Self-Taught Art from the Permanent Collection

Wooden painted sculpture
Untitled, Leroy Person. Painted wood.

 December 8, 2018 – June 23, 2019

Large cedar female angel
Female Angel by Arliss Watford. Carved cedar.

The Gregg Museum’s permanent collection has included self-taught art (sometimes called “art-brut,” “outsider art” or “visionary folk art”) for more than thirty years, and now includes more than 550 examples. Many of the pieces in this exhibition were originally acquired by Robert Lynch, a Native American (Haliwa-Saponi) attorney who grew up near Enfield, NC, and attended UNC and Harvard Law School before moving to New York City to work with the Dance Theater of Harlem. In 1975 Lynch returned to North Carolina to live in his childhood home, write poetry, and begin studying and collecting self-taught art. Shortly before his death (of AIDS, in 1989, at age 42), he sold most of his collection to North Carolina Wesleyan College to help defray his medical expenses. NC Wesleyan transferred the Lynch Collection to the Gregg Museum in 2015.

Nefertiti by Steven Davis
Nefertiti by Steven Davis, 1980. Graphite on paper.

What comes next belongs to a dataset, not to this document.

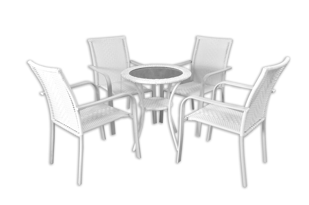 Seti i ratanit me thurje, i përbërë nga tavolina me syprinën e xhamit të temperuar si dhe katër karriget, është një zgjedhje ideale për të mobiluar ambientet e hapura të bareve, verandave, tarracave, ballkoneve etj. Skeleti metalik që siguron qendrueshmërinë dhe jetëgjatësinë e këtij seti është veshur me materialin e ratanit prej polietileni (PE), i cili është i lehtë. Forma mjaft elegante dhe gjeometrike e këtij seti me thurje te këndshme gjatësore në pjesën e mbështetjes dhe uljes së karrigeve si dhe në syprinën e tavolinës, shtojnë hijeshinë e tij duke e bërë lehtësisht të përshtatshëm për ambientet moderne të kopshtit tuaj. Ngjyra e bardhë e këtij seti përshtatet lehtë me të gjitha nuancat e ngjyrave veçanërisht me ngjyra të forta të aksesorëve të kopshtit tuaj dhe mjaft mirë me ambientet e gjelbëruara, duke krijuar kontrast harmonik dhe mjaft estetik.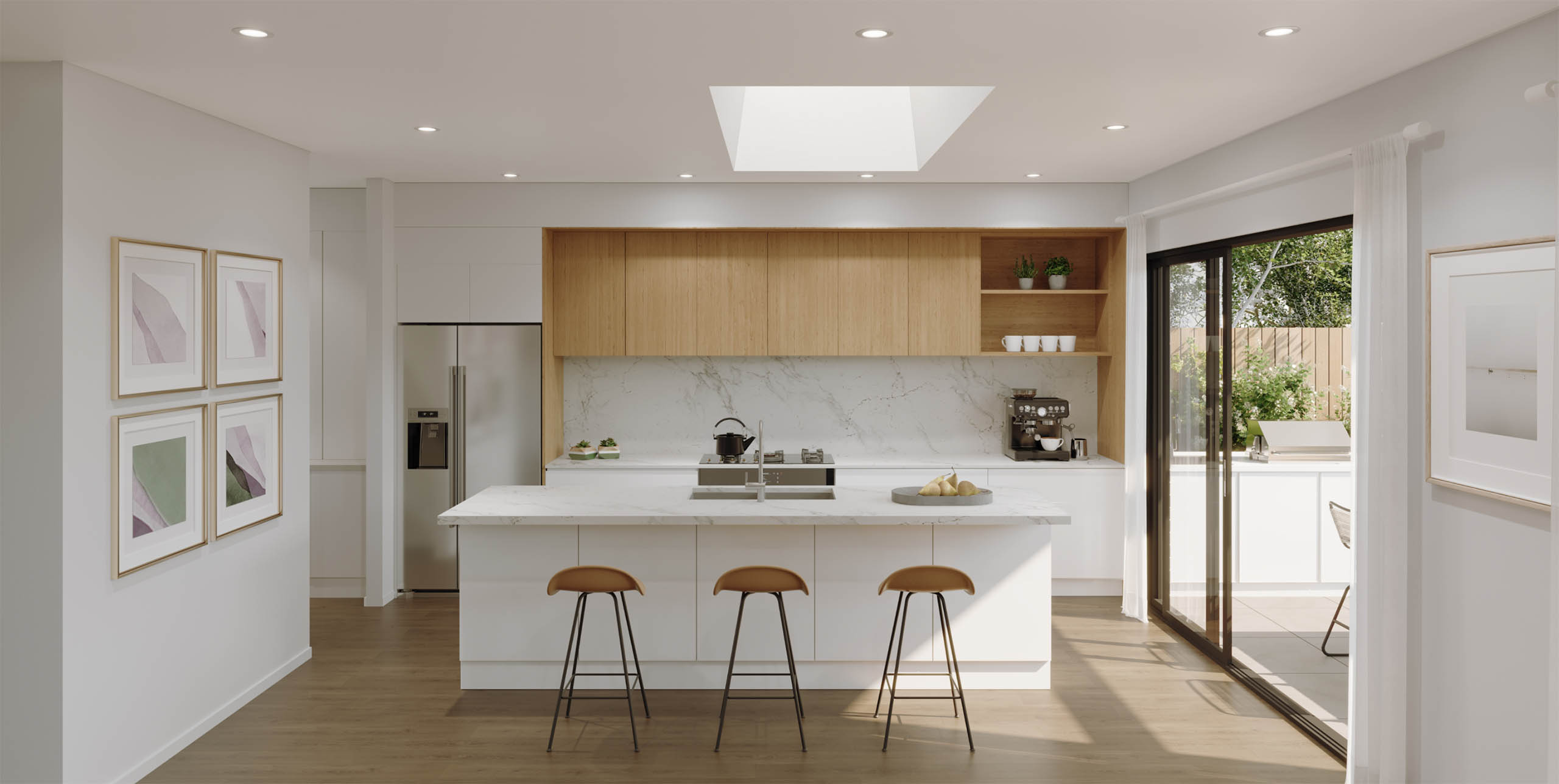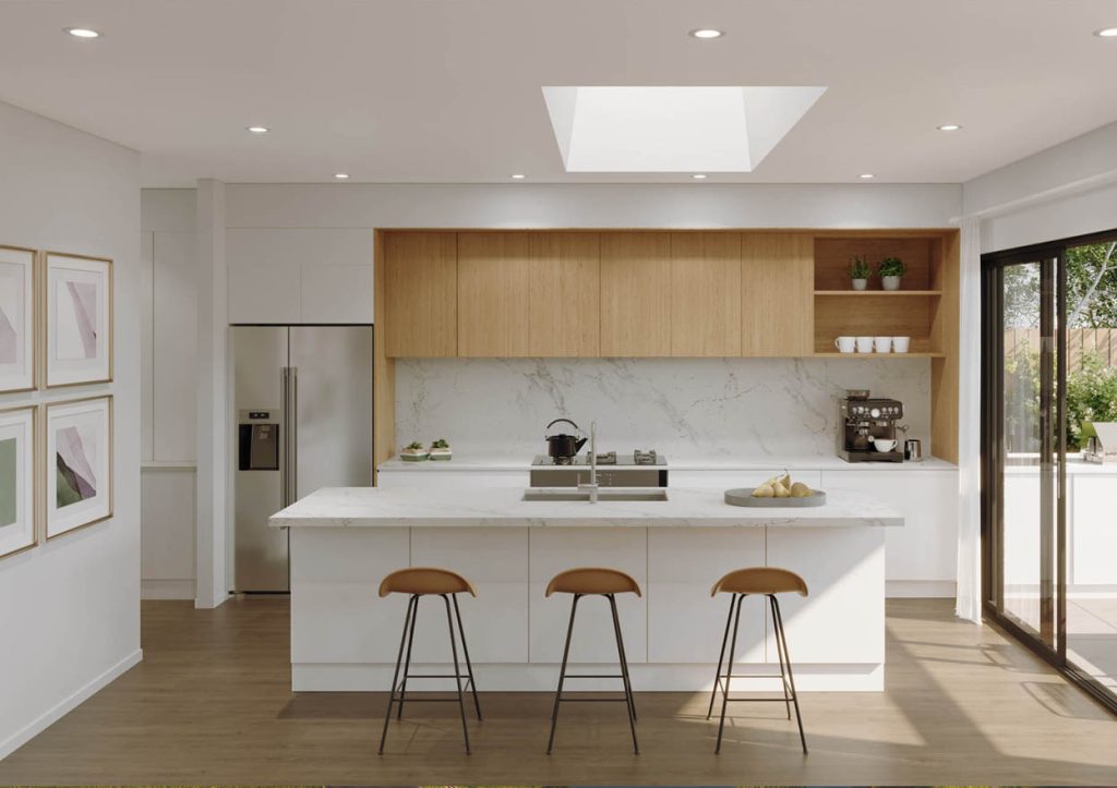 Intelligent energy-efficient architecture utilises double-glazed windows for maximum insulation throughout. With a large skylight over the island kitchen, there is a focus on making the most of available light. Coupled with large glass sliding doors to the alfresco area, the natural light and insulation creates a feeling of warmth and ambiance, no matter what the season.

Many of the artists featured in this exhibition responded to hardship and trauma by making art. After something traumatic happened, they began making things, and soon discovered the act of being creative somehow helped them overcome their difficulties. Since the process is, at least to start with, pursued only for their own satisfaction, they hardly cared if the results looked “professional” or were achieved with typical art supplies like oil paints and sable brushes. The impulse to get busy and just do something was insistently immediate and wholly personal. They reached for the closest, most readily-accessible, and most affordable materials at hand, and simply began, even though they may have had no visual art training or formal education. Often it didn’t even occur to them they were making art until someone else called it that, yet the urge they responded to—the urge to make something that facilitates continued existence—is one of the defining characteristics of what makes us human.